31 July 2007

Research in the solar space

Last week's OCE session on solar energy was a very good discussion/brainstorming session that brought together industry and academic researchers on how to structure an upcoming $15m OCE call for proposals on solar energy. The session was structured as a "future workshop," a staple of participatory design, which is a good way of involving stakeholders in design processes.

Many good ideas and gaps were discussed at the session, including the need to train highly qualified people in the trades that will support the installation, maintenance and retirement of solar equipment. This is one area where our applied research can excel.

As we are in the process or working out some R&D in the solar space, I've been paying attention to news items on solar energy, of which there have been a few of late.
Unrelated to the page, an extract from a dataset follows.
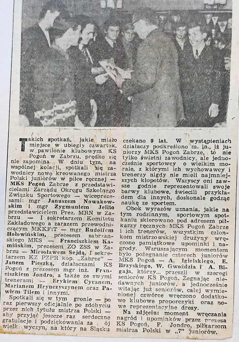 Pierwszy tytuł mistrza Polski Juniorow MKS "Pogoń" Zabrze 1971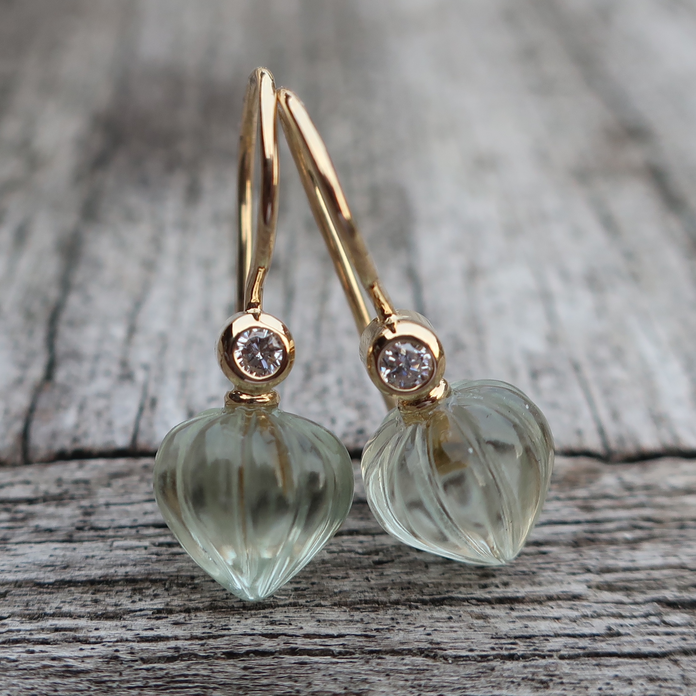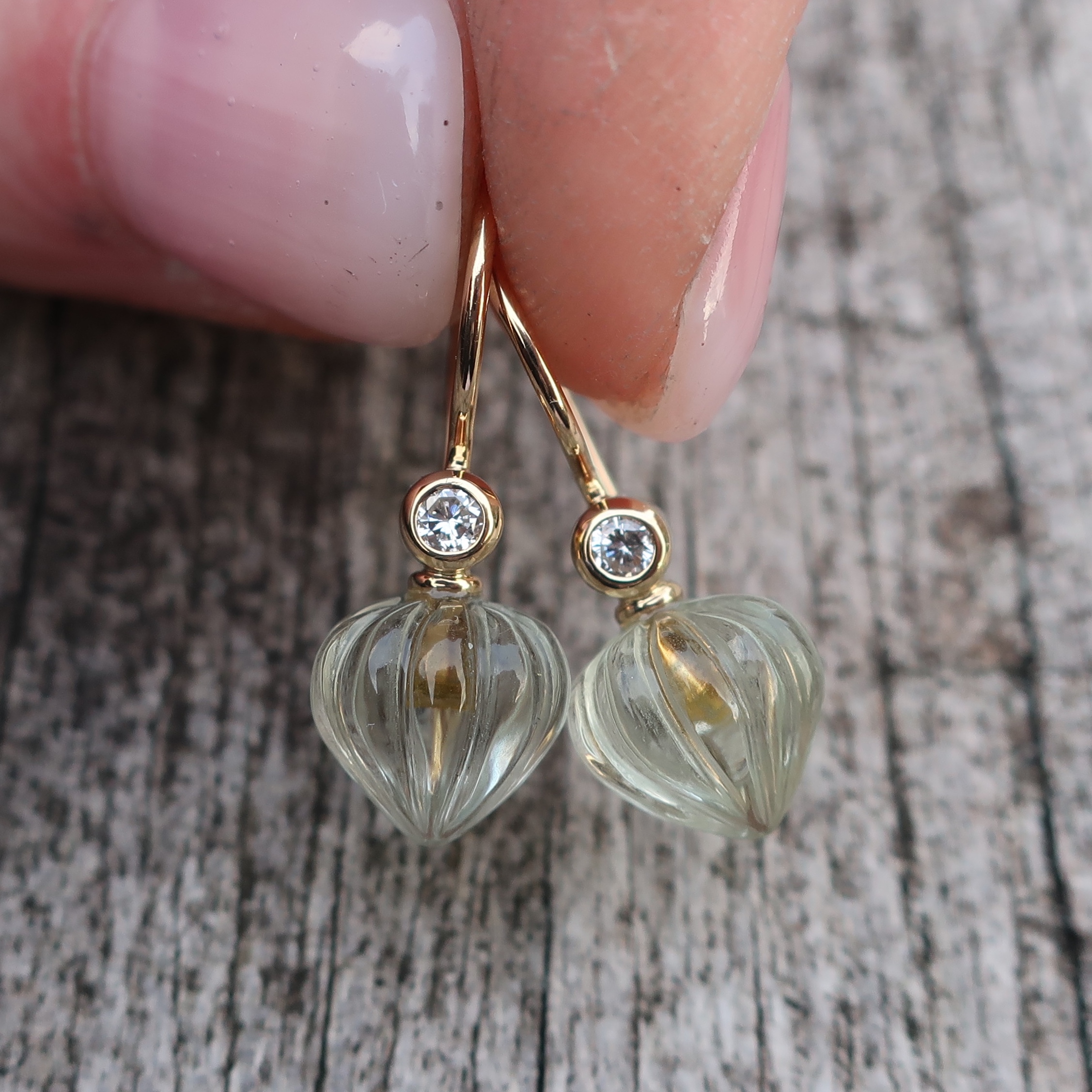 Ein Paar Ohrhänger, bestehend aus Gold mit Prasiolith Zwiebelchen und Brillanten.

Yesterday, for example, there was an opinion piece on what government can do to better enable investment in solar technology. Overall this piece provides some interesting ideas, but does sidestep the issue that Canada does not spend as much on R&D as our OECD counterparts (a point made by a speaker at the Polytechnics Canada conference a while back). Solar can be viable even in rainy climes, though the power buy-back scheme in Germany (as in Ontario) are supporting the initial investment.

The OCE is working to address the R&D issue in Ontario with a targeted call for research, starting with an expressions of interest call, expected in early August, with two page EOIs due on 31 August.